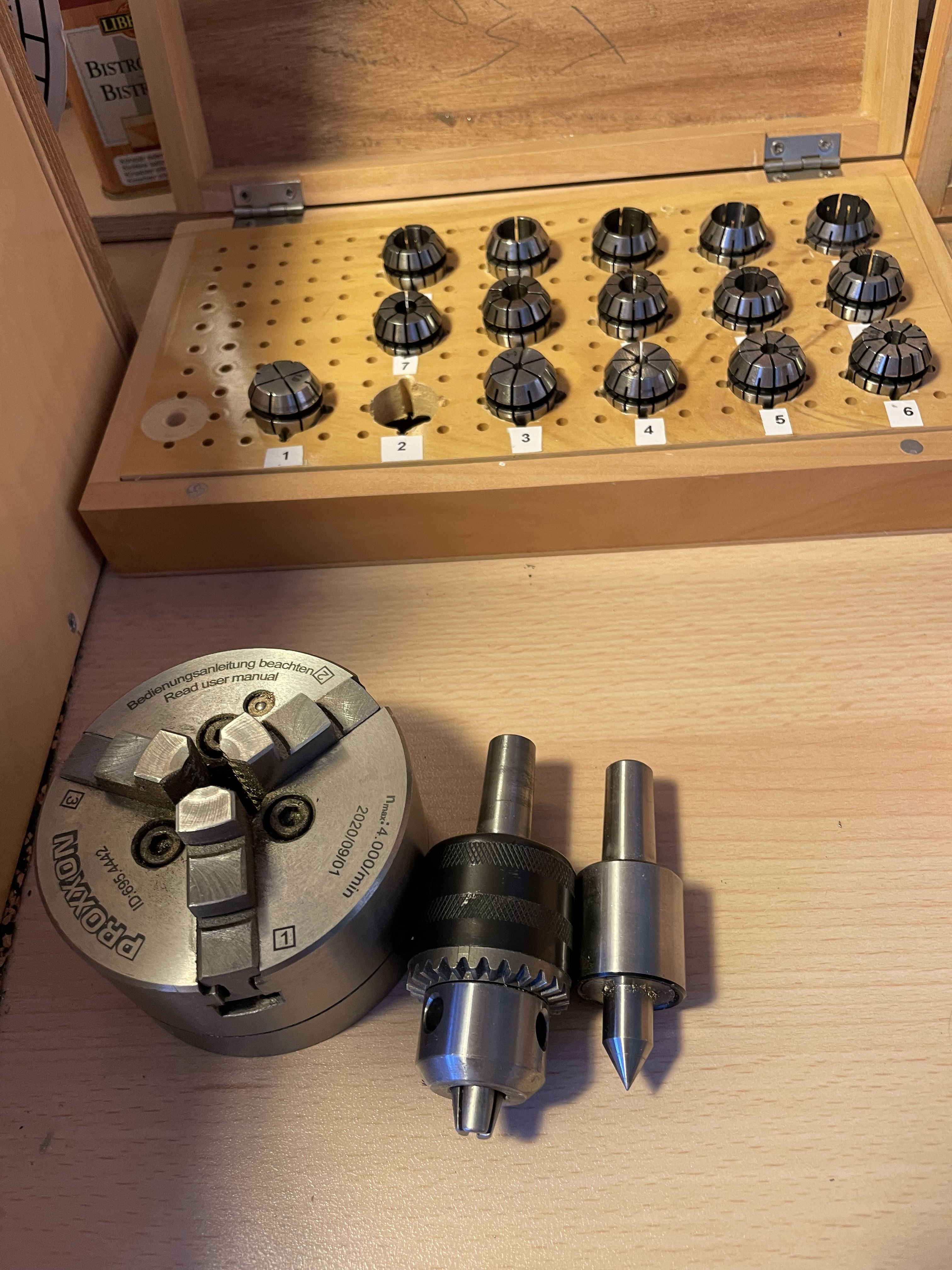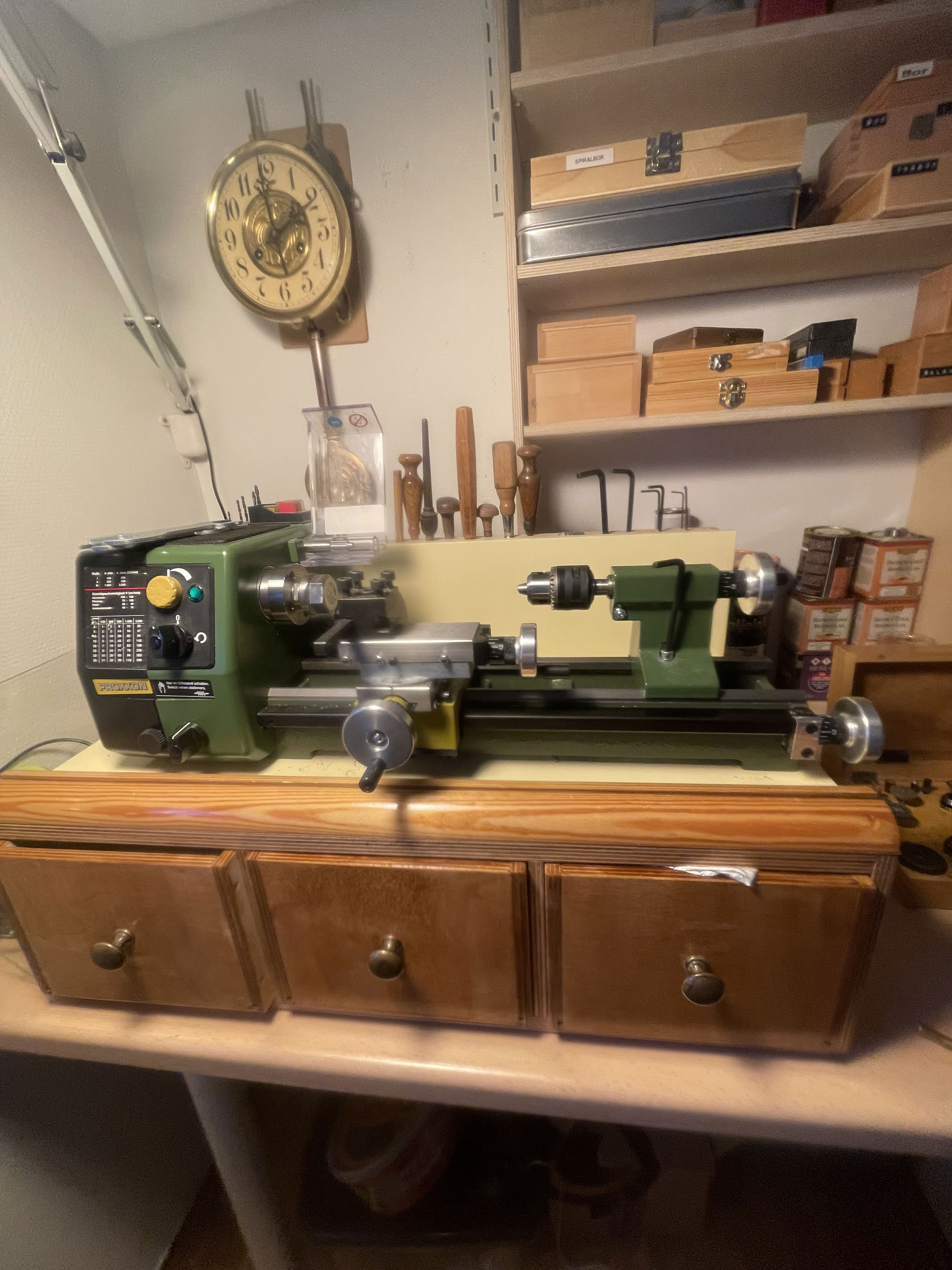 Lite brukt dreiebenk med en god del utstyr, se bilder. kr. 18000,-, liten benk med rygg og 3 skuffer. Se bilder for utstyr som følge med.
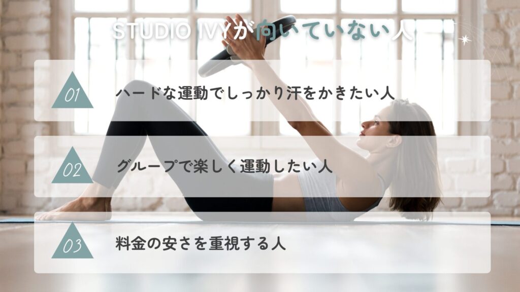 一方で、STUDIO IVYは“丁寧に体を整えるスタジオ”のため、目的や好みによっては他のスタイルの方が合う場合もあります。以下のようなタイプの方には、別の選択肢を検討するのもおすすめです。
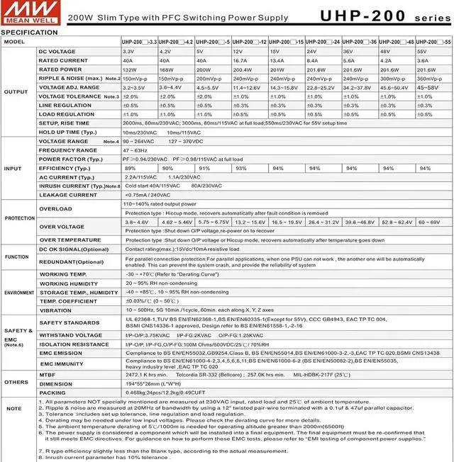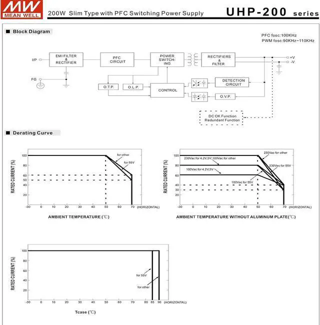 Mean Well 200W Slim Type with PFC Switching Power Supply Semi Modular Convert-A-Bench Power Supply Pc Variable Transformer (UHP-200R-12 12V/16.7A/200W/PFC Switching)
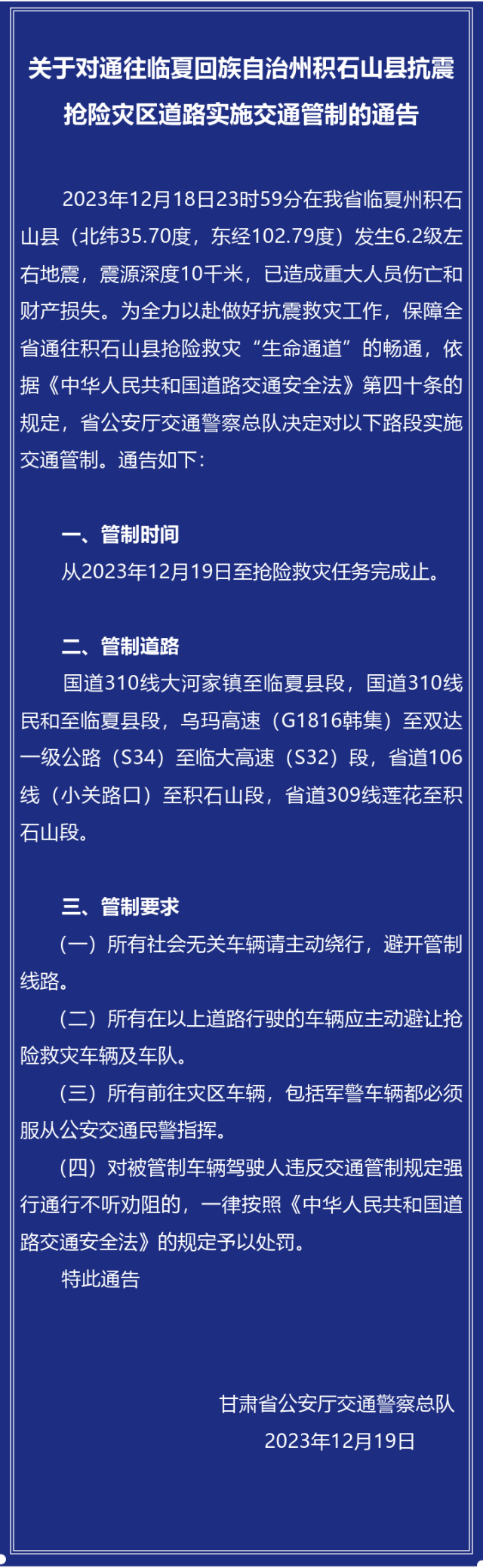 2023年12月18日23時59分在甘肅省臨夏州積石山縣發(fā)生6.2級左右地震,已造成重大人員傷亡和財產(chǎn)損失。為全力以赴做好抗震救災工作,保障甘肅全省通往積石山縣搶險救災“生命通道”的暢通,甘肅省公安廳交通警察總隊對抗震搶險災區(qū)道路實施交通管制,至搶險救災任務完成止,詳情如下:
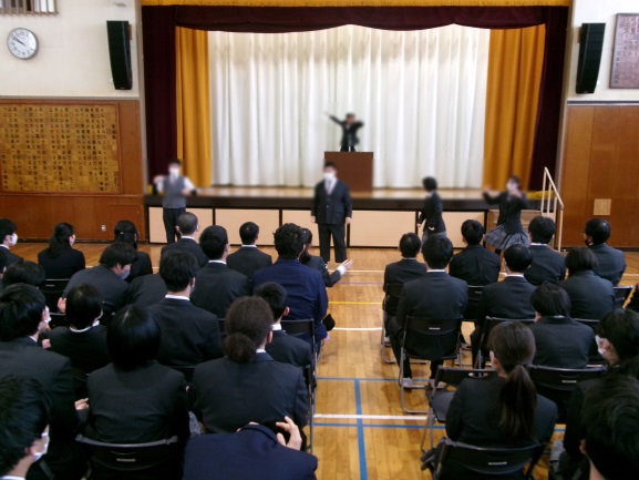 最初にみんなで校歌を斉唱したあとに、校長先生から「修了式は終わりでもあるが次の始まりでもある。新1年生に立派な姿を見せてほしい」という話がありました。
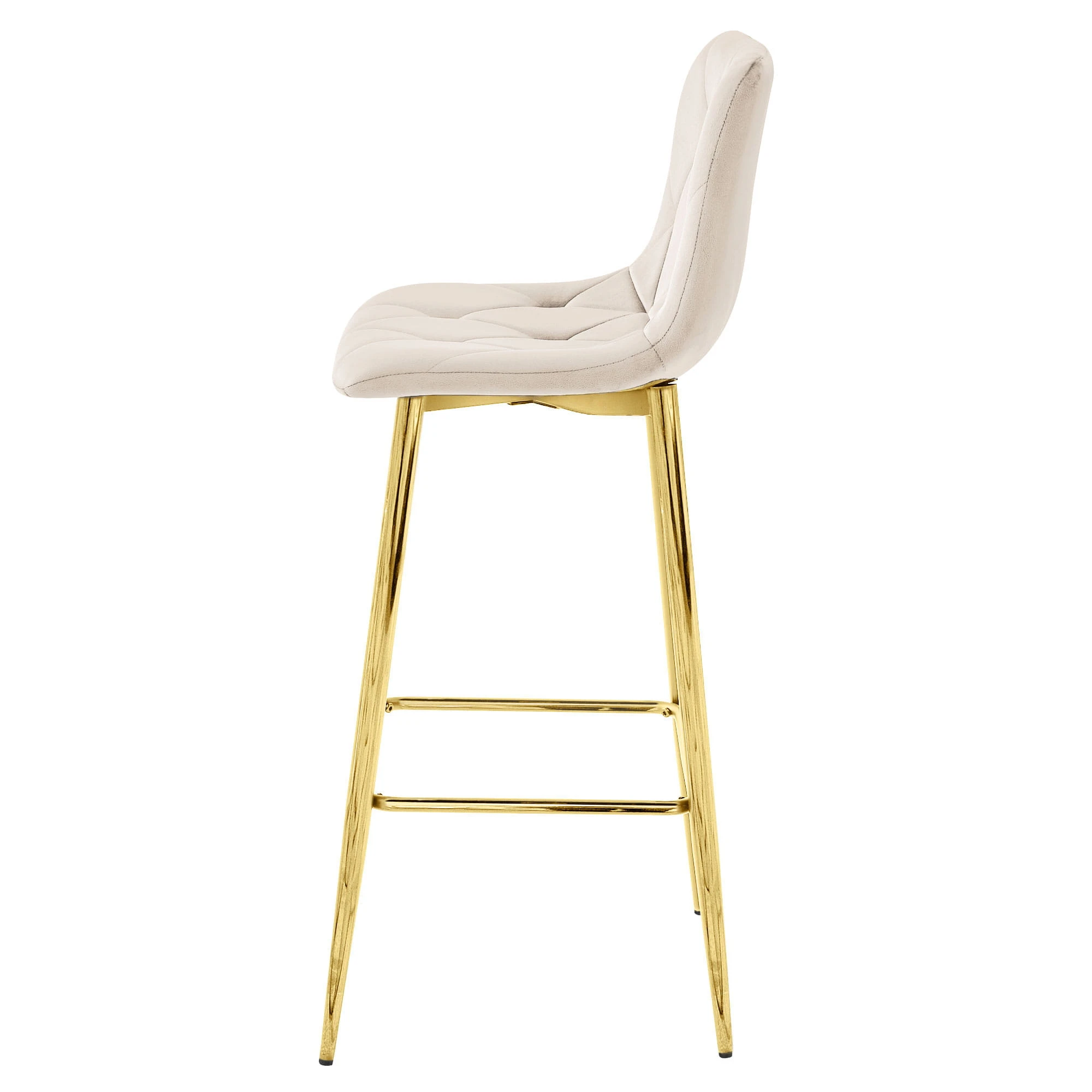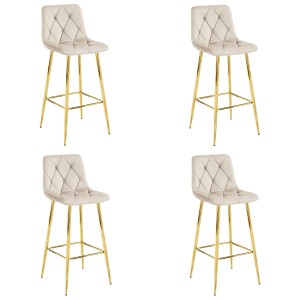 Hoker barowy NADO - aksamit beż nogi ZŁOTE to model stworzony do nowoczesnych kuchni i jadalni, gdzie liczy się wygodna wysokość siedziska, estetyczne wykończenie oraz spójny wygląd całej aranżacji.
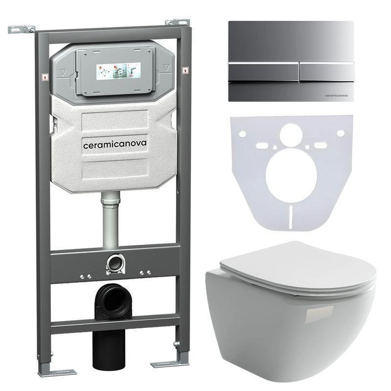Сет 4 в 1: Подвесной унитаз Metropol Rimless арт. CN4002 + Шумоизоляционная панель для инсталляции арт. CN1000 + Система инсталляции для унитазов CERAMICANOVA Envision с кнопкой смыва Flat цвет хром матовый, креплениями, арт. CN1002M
________________
PROBLEM DETAILS: Working from the records above, set down word for word everything from the line containing "Mean Well 200W" down to the line containing "最初にみんなで校歌を斉唱した", ends included, minus the pictures.

ANSWER BOX:
 Mean Well 200W Slim Type with PFC Switching Power Supply Semi Modular Convert-A-Bench Power Supply Pc Variable Transformer (UHP-200R-12 12V/16.7A/200W/PFC Switching)
 2023年12月18日23時59分在甘肅省臨夏州積石山縣發(fā)生6.2級左右地震,已造成重大人員傷亡和財產(chǎn)損失。為全力以赴做好抗震救災工作,保障甘肅全省通往積石山縣搶險救災“生命通道”的暢通,甘肅省公安廳交通警察總隊對抗震搶險災區(qū)道路實施交通管制,至搶險救災任務完成止,詳情如下:
 最初にみんなで校歌を斉唱したあとに、校長先生から「修了式は終わりでもあるが次の始まりでもある。新1年生に立派な姿を見せてほしい」という話がありました。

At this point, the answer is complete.